Выяснилось, что молодой мистер Уильямс в Лондоне, а старший мистер Уильямс у себя в кабинете. Я вышел из машины. И, едва ступив на этот бетон, я почувствовал себя растерянным юнцом. Я вдруг понял, что зря сюда явился. Но не успел вернуться под защиту стали и стекла, потому что услышал сзади голос:
– Мастер Оливер!
Он крепко, тепло и долго жал мою руку. Не тряс, но нежно водил ею вверх-вниз, словно мы причащались вместе печали мира. Я успел заметить, как мало изменилось его худое лицо, подсвеченное, возможно, зимним солнцем Египта или Марокко, – столь печально обрамляло оно карие глаза, вечно готовые как будто налиться слезами. Только волосы стали другие. Совершенно белые.
– Милый Генри. Время тебя не берет!
– Стараемся.
– А какими машинами торгуешь! Высший класс!
– Ну-ну, может, со мной поменяться желаете, сэр?
Но он увидел мою машину через мое плечо. И выпустил мою руку.
– Ну-ну, сэр! Извини меня!
Тут оно прорвалось, всегда призрачно отдававшееся в прихрамывании валких гласных, – почти пародийное его валлийство. Как квохчущий на склоне горы ручей.
– Да, исключительного качества вещь, сэр, извини меня!
Я стал чуть выше ростом. Впервые в жизни я почувствовал, что произвел впечатление на Генри. Сказалось то, что лежало у него на самой глубине и рождало все эти стекла, гудрон, бетон, механизмы, – тяга, не дававшая радости и покоя, ощущаемая как неизбежность, как не знающее снисхождения божество. Его отношение ко мне чуточку изменилось. Он отдавал дань успеху, не вникая в его природу. И я, окончательно овладев собой, эту дань принимал. Я ходил с ним по его владеньям, не обращая внимания на вибрацию наших социальных антенн, и только в самом конце экскурсии, в старой части здания, я замер перед чем-то смутно знакомым, еще не успев сообразить почему. Тут были: пальмы, еще какие-то растения в кадках, приглушенный свет и – вращающийся помост. На помосте, в сверкании радиатора и сиянии фар, в новых шинах на допотопных колесах, откинув верх, помещалась отставная малолитражка. И вращалась с гонором неуемной вдовицы, демонстрируя мне то правый свой бок, то номер под радиатором.
Я крикнул:
– Пружинка!
– Уступила нам, как поняла, что уж сама не поездит. Мы, само собой, мелочиться не стали.
– Значит, она умерла...
– Мисс Долиш скончалась – ох, уж скоро три года будет. Лежит, где бы самой ей понравилось – где слышно орган. Добрая, милая леди!
Я слушал вполуха. И не рассматривал пристально малолитражку, только делал вид. Я пристально рассматривал самого себя. Эти чувства, эти эмоции, вдруг неуместно расцветшие среди роскоши пальм и растений в кадках...

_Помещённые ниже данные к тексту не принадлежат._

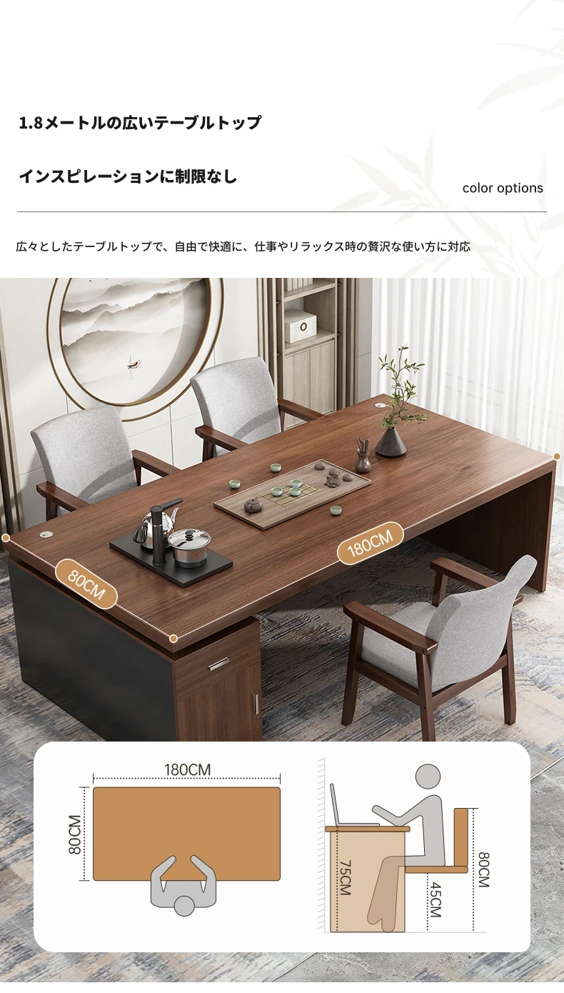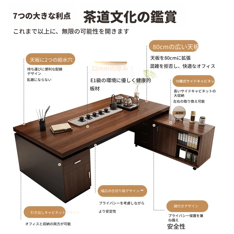 【ティーキャビネットセット】180*80ラグジュアリー野生黒胡桃+厚さ32天板
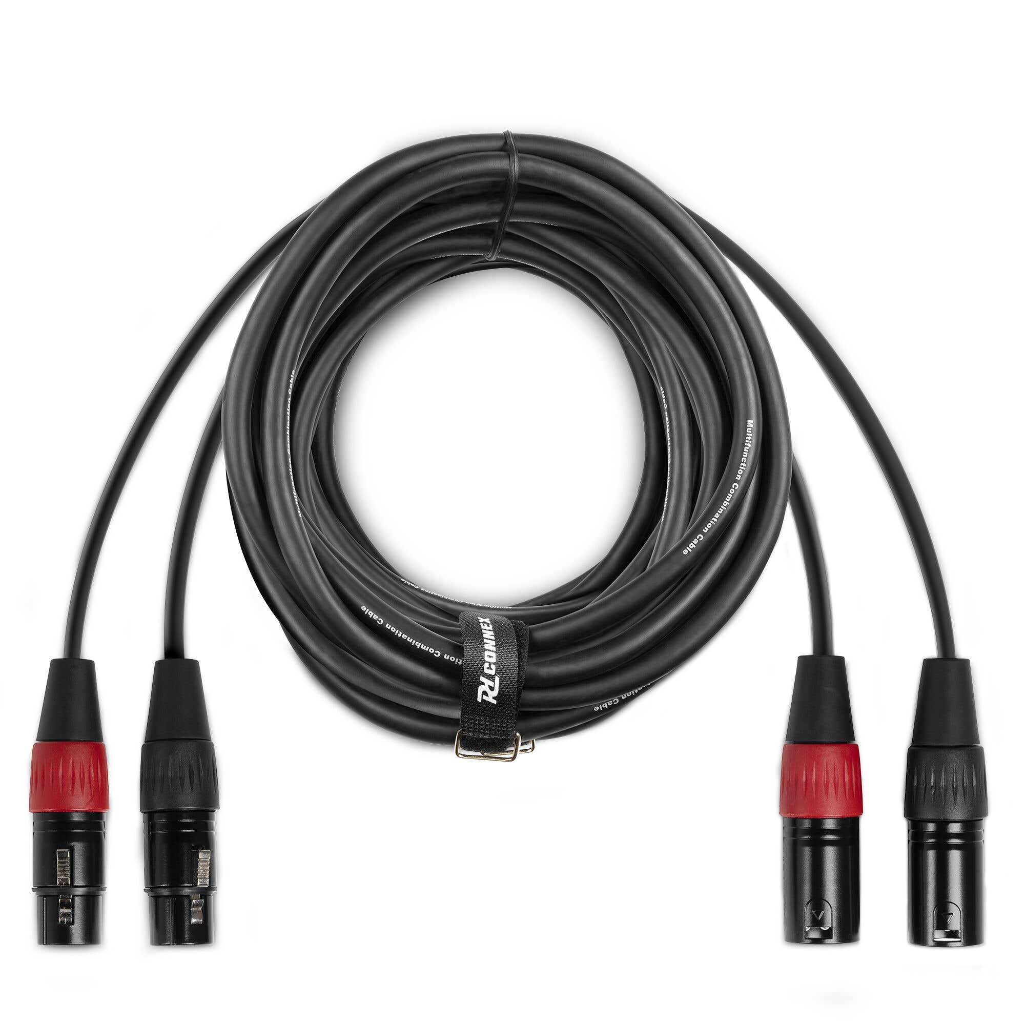 PD Connex professionelles hochwertiges 0,5 Meter balanciertes 2x XLR (M) - 2x XLR (F) OFC-Signalkabel. Dieses hochflexible Signalkabel ist mit hochwertigen XLR-Metallsteckern ausgestattet und garantiert eine störungsfreie und zuverlässige Signalübertragung. Ausgestattet mit Kabelbinder.

– В южной стороне от церкви лежит, к трансепту поближе. Мы так понимаем – отдать дань уважения, почтить – это святое. Сами увидите.
– Значит, Пружинка умерла...
– Вы всегда ее обожали, ведь правда? Я же ж помню! И, ясное дело, уважите память.
Я отвернулся от малолитражки и посмотрел на Генри. Взгляд его, как всегда, был непроницаем в своей открытости. Генри был из тех, к кому не подъедешь, кого не объедешь на козе. Вдруг я почувствовал, что, как ни странно, сам заливаюсь краской, опять превращаясь в ребенка. Я ощущал его взрослую власть.
– Да-да, – бормотнул я. – Конечно.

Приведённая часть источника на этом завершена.